Ordinal Encoding Example:
| size | brand | warrenty | color | price | size_encoded |
|---|---|---|---|---|---|
| small | addidas | 1 | red | 100 | 1 |
| large | nike | 2 | blue | 150 | 3 |
| medium | nike | 2 | red | 200 | 2 |
| medium | addidas | 1.5 | blue | 250 | 2 |
| small | addidas | 1 | green | 300 | 1 |
Ordinal encoding for size feature.
Label Encoding
- Assigns a unique integer to each category.
- Assigns number alphabetically and can mislead relationship.
Label Encoding Example:
| size | brand | warrenty | color | price | size_encoded |
|---|---|---|---|---|---|
| small | addidas | 1 | red | 100 | 3 |
| large | nike | 2 | blue | 150 | 1 |
| medium | nike | 2 | red | 200 | 2 |
| medium | addidas | 1.5 | blue | 250 | 2 |
| small | addidas | 1 | green | 300 | 3 |
Label encoding for size feature.
One-Hot Encoding
- Creates binary columns for each category.
- Prevents misinterpretation of relationships between categories.
- Can lead to high dimensionality with many categories.
One-Hot Encoding Example:
| size | brand | warrenty | color | price | brand_addidas | brand_nike |
|---|---|---|---|---|---|---|
| small | addidas | 1 | red | 100 | 1 | 0 |
| large | nike | 2 | blue | 150 | 0 | 1 |
| medium | nike | 2 | red | 200 | 0 | 1 |
| medium | addidas | 1.5 | blue | 250 | 1 | 0 |
| small | addidas | 1 | green | 300 | 1 | 0 |
One-hot encoding for brand feature.
Binary Encoding
- Converts categories to binary digits and creates new columns for each digit.

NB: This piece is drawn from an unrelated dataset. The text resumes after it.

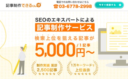 月額数千円でホームページ制作が依頼できる「ホームページできるくん」に加えて、この度「記事制作できるくん」を開始いたします。
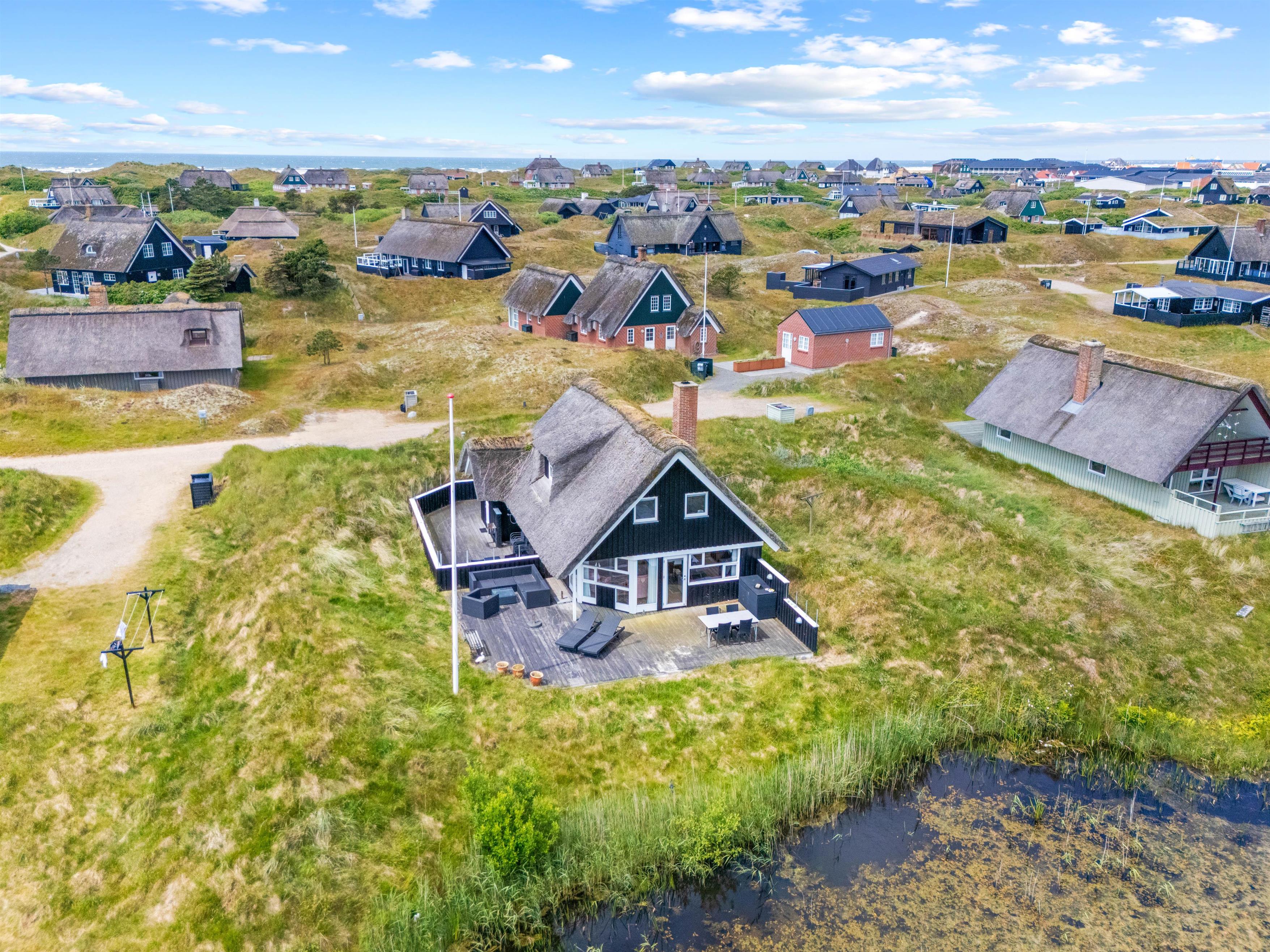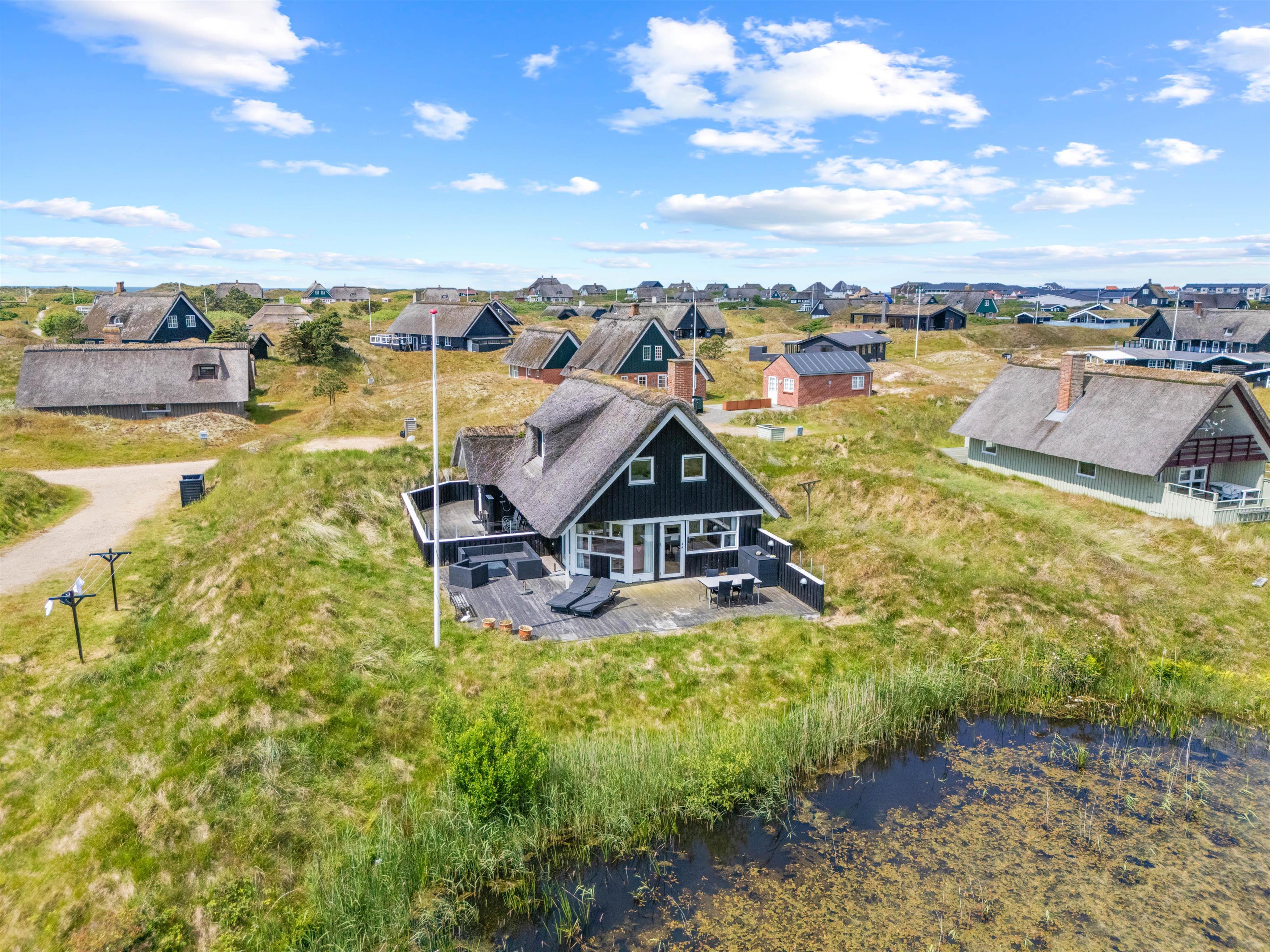 The holiday home sits within spacious natural grounds, right beside a small lake. Outdoor activities are a natural choice here. Children can play freely while you enjoy the peace and fresh air. A highlight is the proximity to the beach – just 800 metres away, where you can enjoy wonderful days sunbathing, swimming or walking.

- Reduces dimensionality compared to one-hot encoding for high-cardinality features.
- Can be less interpretable than one-hot encoding.
Binary Encoding Example:
| size | brand | warrenty | color | price | color_1 | color_2 |
|---|---|---|---|---|---|---|
| small | addidas | 1 | red | 100 | 0 | 1 |
| large | nike | 2 | blue | 150 | 1 | 0 |
| medium | nike | 2 | red | 200 | 0 | 1 |
| medium | addidas | 1.5 | blue | 250 | 1 | 0 |
| small | addidas | 1 | green | 300 | 1 | 1 |
Binary encoding for color feature.
Frequency Encoding
- Replaces categories with their frequency in the dataset.
- Can capture the importance of categories based on their occurrence.

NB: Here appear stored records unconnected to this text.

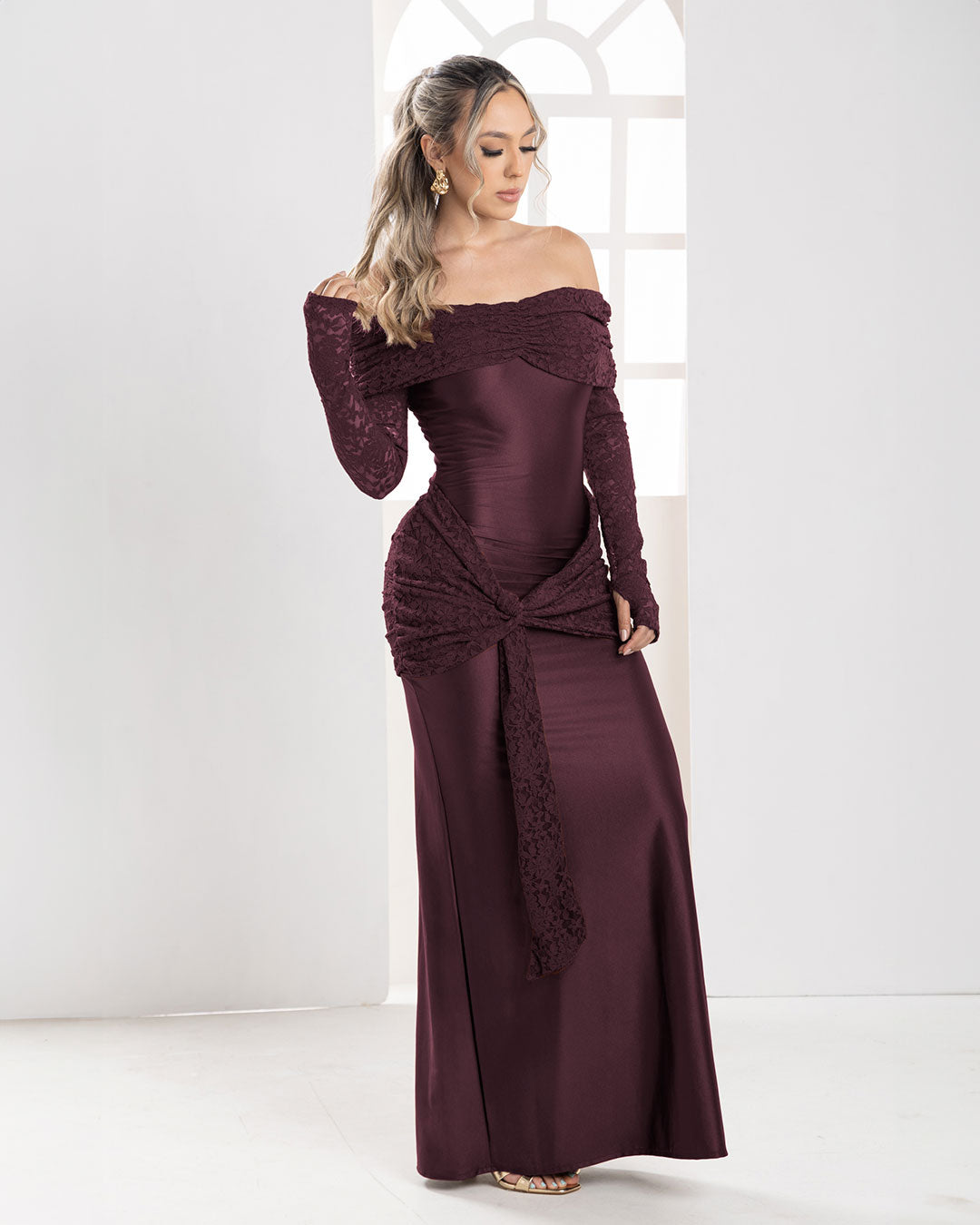 Vestido: Tela Blonda Color Vinotinto Vestido largo Escote bandeja con efecto drapeado. Manga larga ajustada...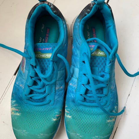 Skechers lasten slip-on lenkkarit koko 37 (24 cm). Päällinen joustavaa tekstiiliä, jossa liukuvärjätty keltainen–vaaleanpunainen sävy. Kengissä ei ole nauhoja, vaan ne puetaan jalkaan sujauttamalla. Päällyskankaassa käytön jälkiä (huomioitu hinnassa), mutta ehjät ja muuten hyväkuntoiset.
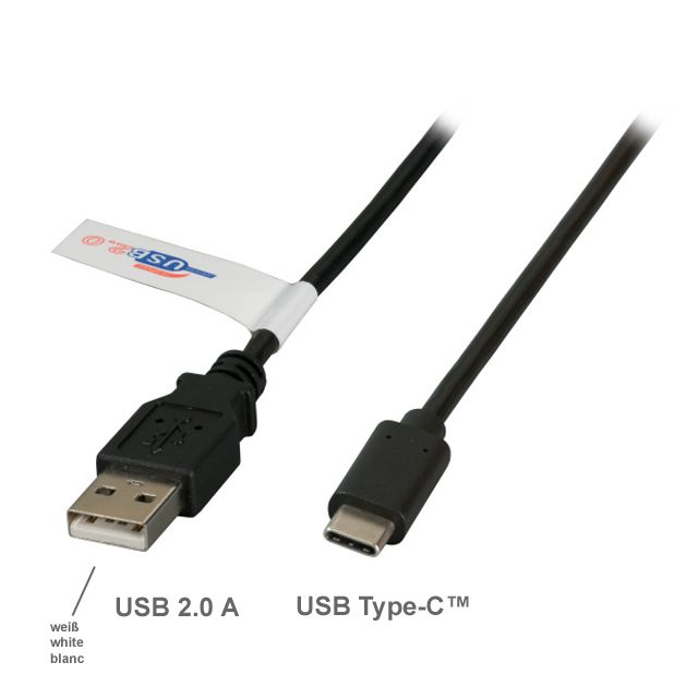 USB cable Type-C™ male to USB 2.0 A male 50m, certified cable (TID 200000215), black

- May not be suitable for all types of categorical features.
Frequency Encoding Example:
| size | brand | warrenty | color | price | color_freq |
|---|---|---|---|---|---|
| small | addidas | 1 | red | 100 | 2 |
| large | nike | 2 | blue | 150 | 2 |
| medium | nike | 2 | red | 200 | 2 |
| medium | addidas | 1.5 | blue | 250 | 2 |
| small | addidas | 1 | green | 300 | 1 |
Frequency encoding for color feature.
Target Mean Encoding
- Replaces categories with the mean of the target variable for that category.
- Can capture relationship between categorical feature and target variable.
Target Mean Encoding Example:
| size | brand | warrenty | color | price | color_target_mean |
|---|---|---|---|---|---|
| small | addidas | 1 | red | 100 | 150 |
| large | nike | 2 | blue | 150 | 200 |
| medium | nike | 2 | red | 200 | 150 |
| medium | addidas | 1.5 | blue | 250 | 200 |
| small | addidas | 1 | green | 300 | 300 |
Target mean encoding for color feature.